→ ASSIGNMENT
Take the entries below and reproduce exactly the portion that begins at the line containing "Nous avons formé" and ends at the line containing "- Serveer de", keeping both ends, dropping pictures, and adding nothing else.
==== PROVIDED DATA ====
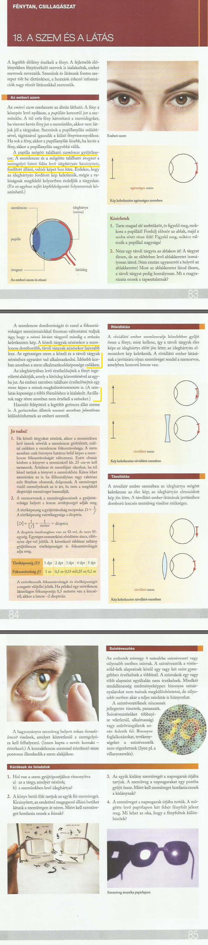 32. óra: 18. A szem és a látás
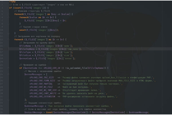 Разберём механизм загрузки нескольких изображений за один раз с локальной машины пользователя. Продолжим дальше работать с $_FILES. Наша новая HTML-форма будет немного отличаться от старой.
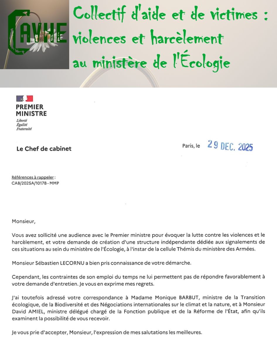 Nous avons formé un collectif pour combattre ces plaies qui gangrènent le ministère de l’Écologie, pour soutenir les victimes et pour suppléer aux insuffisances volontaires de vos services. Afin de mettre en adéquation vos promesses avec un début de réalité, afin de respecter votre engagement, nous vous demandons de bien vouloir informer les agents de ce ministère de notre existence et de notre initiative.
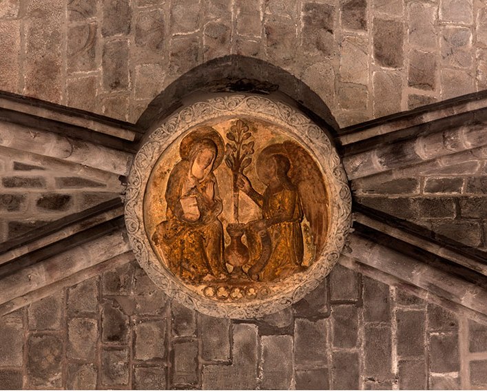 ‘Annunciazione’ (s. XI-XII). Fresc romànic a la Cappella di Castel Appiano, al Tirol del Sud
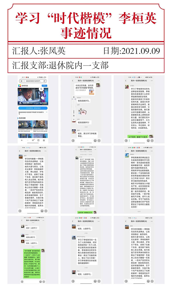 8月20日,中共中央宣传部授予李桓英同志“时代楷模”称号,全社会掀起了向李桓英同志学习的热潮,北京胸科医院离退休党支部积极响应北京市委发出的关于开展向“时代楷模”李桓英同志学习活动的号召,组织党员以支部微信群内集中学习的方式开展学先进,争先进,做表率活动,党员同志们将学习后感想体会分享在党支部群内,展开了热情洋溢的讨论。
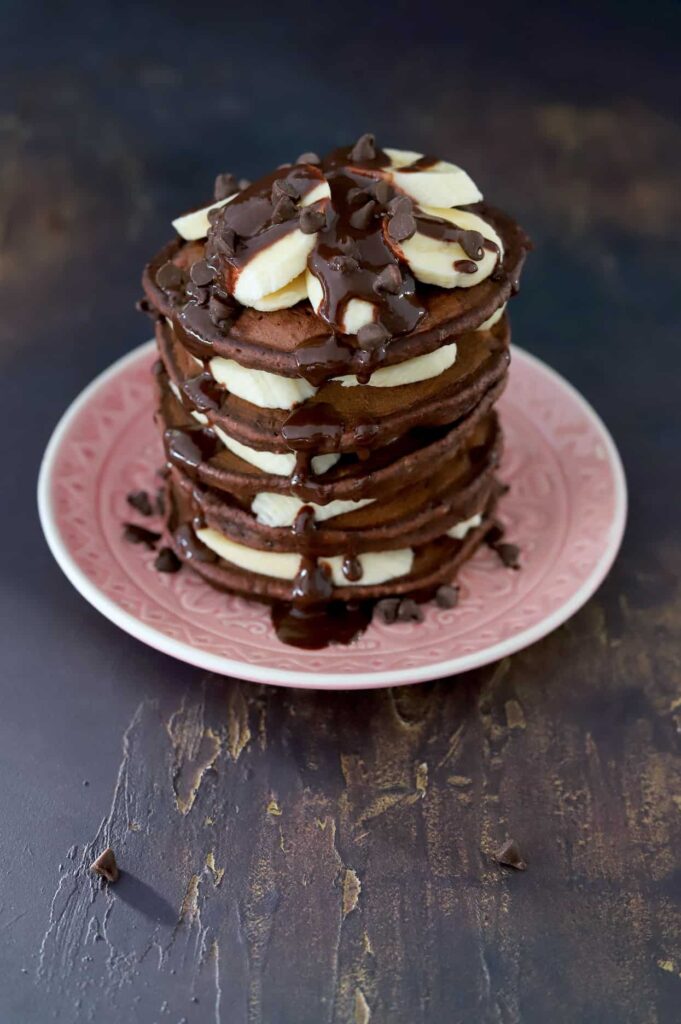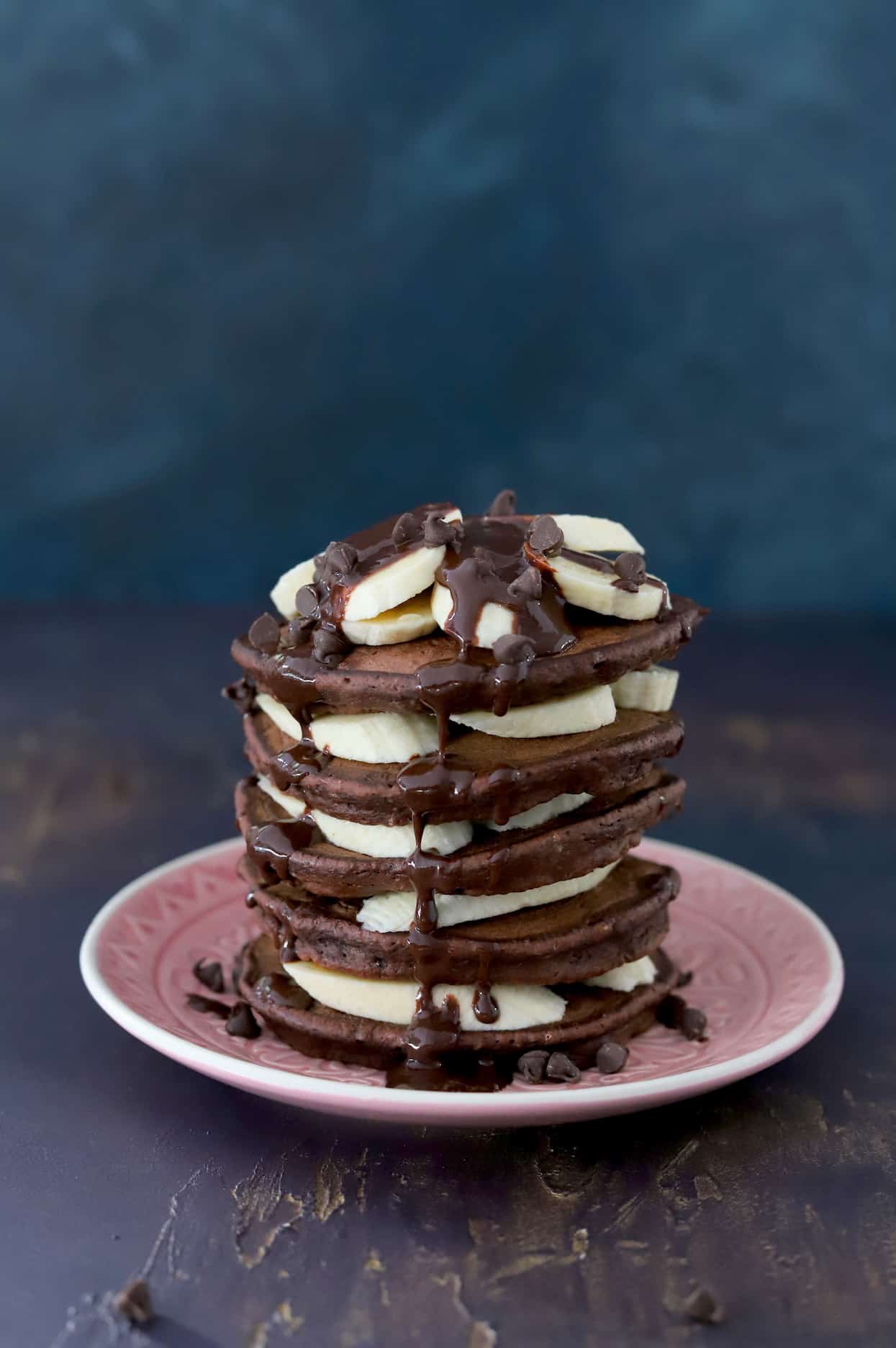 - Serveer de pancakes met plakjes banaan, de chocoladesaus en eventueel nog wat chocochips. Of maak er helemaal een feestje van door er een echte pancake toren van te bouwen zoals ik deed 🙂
====
==== PROVIDED DATA ====
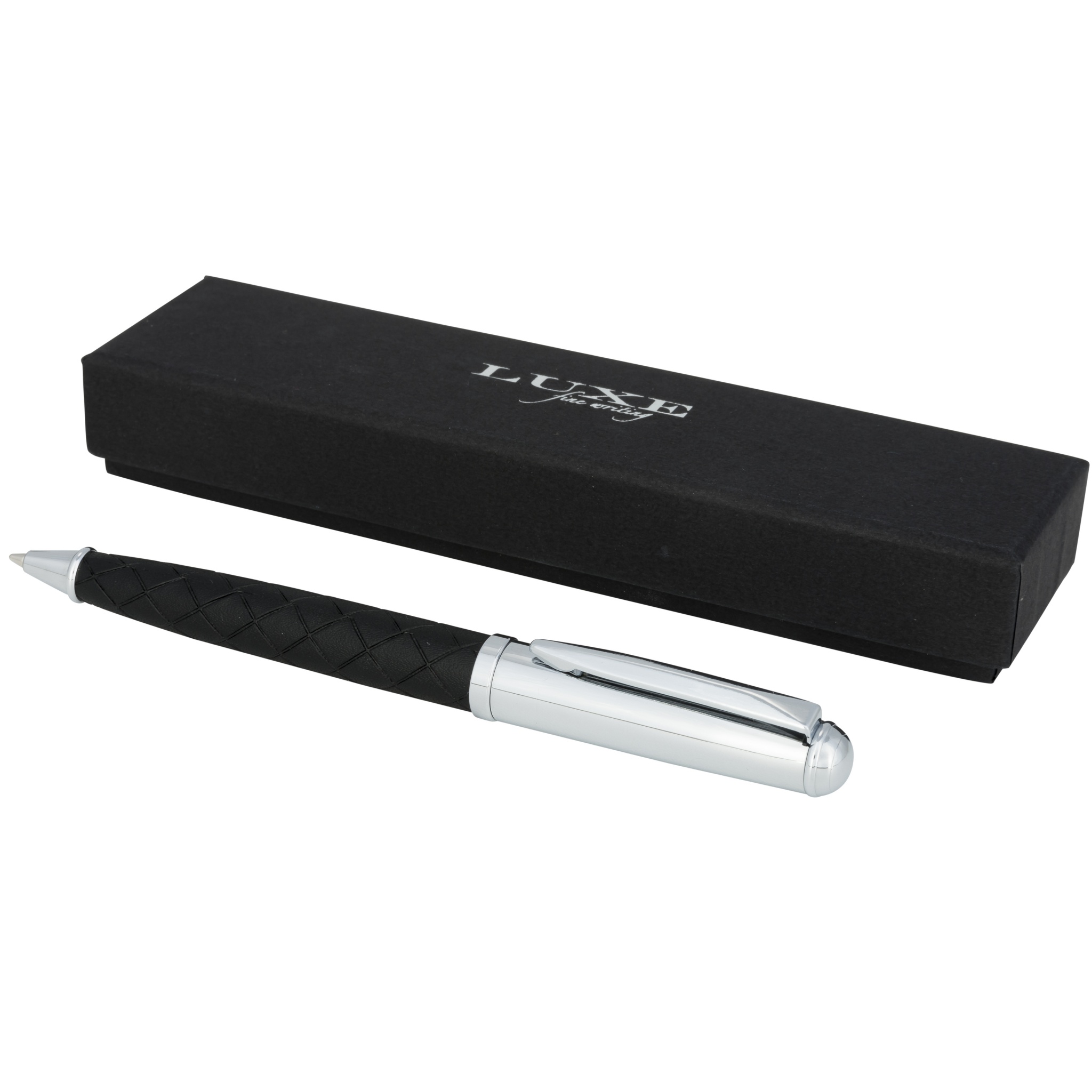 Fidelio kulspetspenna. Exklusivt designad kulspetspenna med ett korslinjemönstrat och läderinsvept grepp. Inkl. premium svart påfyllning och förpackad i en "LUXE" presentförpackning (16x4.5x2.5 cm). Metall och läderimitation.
====
==== PROVIDED DATA ====
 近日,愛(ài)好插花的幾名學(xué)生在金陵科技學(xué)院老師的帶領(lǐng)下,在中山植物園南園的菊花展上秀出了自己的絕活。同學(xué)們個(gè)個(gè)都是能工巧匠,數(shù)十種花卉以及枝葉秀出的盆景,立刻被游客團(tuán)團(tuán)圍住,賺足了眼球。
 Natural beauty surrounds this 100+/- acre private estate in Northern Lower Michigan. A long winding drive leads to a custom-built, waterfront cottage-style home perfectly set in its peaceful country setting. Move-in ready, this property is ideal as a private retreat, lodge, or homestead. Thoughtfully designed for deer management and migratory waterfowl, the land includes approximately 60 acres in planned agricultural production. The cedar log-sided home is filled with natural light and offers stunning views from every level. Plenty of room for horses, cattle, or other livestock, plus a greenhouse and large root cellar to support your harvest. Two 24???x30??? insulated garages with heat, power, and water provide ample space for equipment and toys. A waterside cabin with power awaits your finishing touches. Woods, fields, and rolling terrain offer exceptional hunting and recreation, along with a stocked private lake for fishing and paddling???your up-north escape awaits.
====
→ RESPONSE AREA
 Nous avons formé un collectif pour combattre ces plaies qui gangrènent le ministère de l’Écologie, pour soutenir les victimes et pour suppléer aux insuffisances volontaires de vos services. Afin de mettre en adéquation vos promesses avec un début de réalité, afin de respecter votre engagement, nous vous demandons de bien vouloir informer les agents de ce ministère de notre existence et de notre initiative.
 ‘Annunciazione’ (s. XI-XII). Fresc romànic a la Cappella di Castel Appiano, al Tirol del Sud
 8月20日,中共中央宣传部授予李桓英同志“时代楷模”称号,全社会掀起了向李桓英同志学习的热潮,北京胸科医院离退休党支部积极响应北京市委发出的关于开展向“时代楷模”李桓英同志学习活动的号召,组织党员以支部微信群内集中学习的方式开展学先进,争先进,做表率活动,党员同志们将学习后感想体会分享在党支部群内,展开了热情洋溢的讨论。
 - Serveer de pancakes met plakjes banaan, de chocoladesaus en eventueel nog wat chocochips. Of maak er helemaal een feestje van door er een echte pancake toren van te bouwen zoals ik deed 🙂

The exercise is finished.